Двадцатая рапсодия Листа
Шрифт:
Осип Тарасович поднялся и медленно прошелся по кабинету. По всему было видно, что воспоминания увлекли его. Едва ли еще полчаса назад он мог вообразить, что будет рассказывать эту историю случайно зашедшему человеку, пусть и отдаленному знакомому, к тому же обманчиво придавшему своему визиту деловой характер.

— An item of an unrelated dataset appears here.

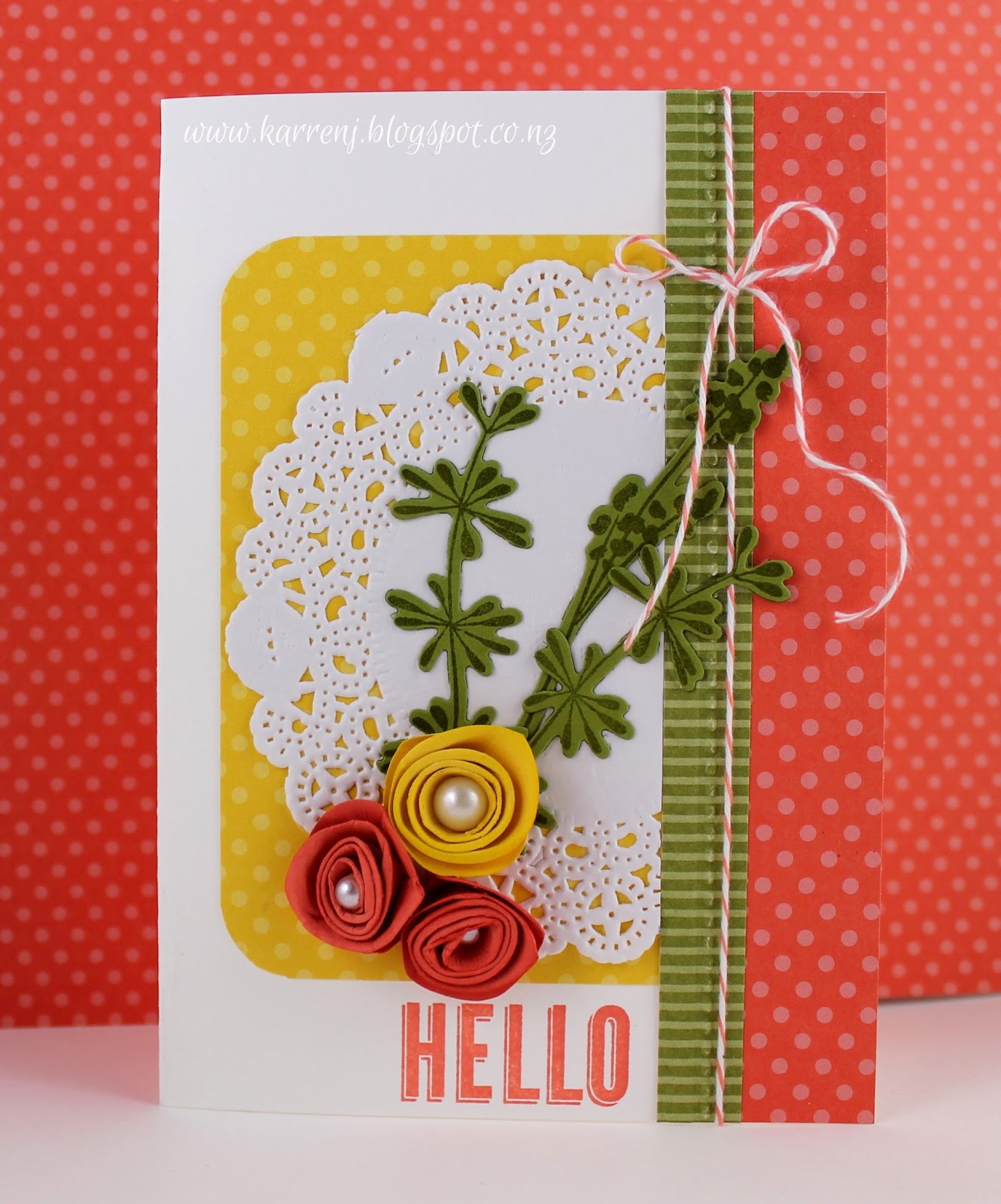 Accessories: Paper Doily; Calypso Coral Bakers Twine; Larger Than Life die (PTI); Basic Pearls; Jumbo Pearls; Corner Rounder; Needlepoint Border EF; 1 3/4" circle punch

– По счастью, Алексей Петрович и немецким, и французским владел отменно. Вот отправил граф этого фрукта за нею следом. Только, – главноуправляющий издал сдавленный смешок, – не прямо в Починок. Граф лишь объяснил ему, что деревни, которые объезжает Луиза, Починок и Бутырки, лежат в Лаишевском уезде. А тот уж сам решил, что ехать ему надо непременно в Лаишев. И граф возражать не стал. Между тем концы немалые. От Казани до Лаишева добрых шестьдесят верст будет, да от Лаишева до Починка, это почти назад, еще столько же. Шутник был его сиятельство, даже в немощном состоянии любил позабавиться.
Я знал про эту историю, о ней много писали в газетах; действительно, Стефании Бельгийской, жене принца Рудольфа, трудно было позавидовать. Только сейчас меня интересовали не матримониальные отношения в австрийском императорском доме, а события, к нам куда более близкие. Я обратил внимание на словечко, которое употребил Осип Тарасович.

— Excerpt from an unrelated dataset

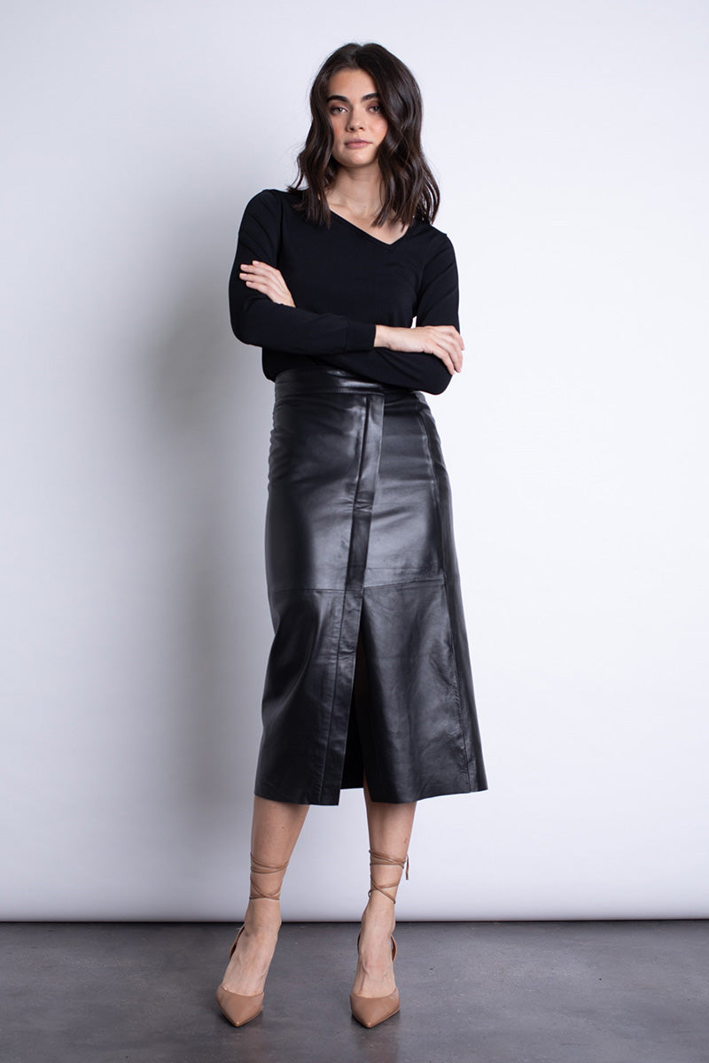 Get ready to wrap yourself in style with the Romina Skirt! Made of high-quality leather, this midi skirt has a unique wrap style that will make you stand out from the crowd. Perfect for adding a touch of edginess to your wardrobe.

– Музыкантишка? – переспросил я, вспоминая листок нотной бумаги.
– А я разве не сказал? – удивился Осип Тарасович. – Он музыкантом представился. Да-с… – Главноуправляющий помрачнел, словно вспомнив вдруг, что история эта совсем не анекдотическая, а венский вальс в ней обернулся похоронным маршем. – Да, страшенное дело. Вот, стало быть, почему барышня не вернулась. Мы-то думали – мало ли, задержалась на несколько дней, приглянулись ей места. Собирались справляться у тамошних людишек, да когда графу совсем худо стало, так и вовсе выпустили из головы. Алексей Петрович-то десятого ноября преставился. – Котляревский перекрестился. – Потом уж, когда молодой граф приехал, никто и не заговаривал об этой гостье. Несколько раз я вспоминал о ней – ну, когда журнал просматривал, и вообще, – а затем решил, что уехала она восвояси. Мне даже помстилось, что я эту Луизу Вайсциммер мельком на похоронах видел, – там народу-то очень много было. Попрощалась с графом и уехала. Может, не показались ей наши места, может, побоялась с наследником дело иметь. Между тем оно вон как получилось…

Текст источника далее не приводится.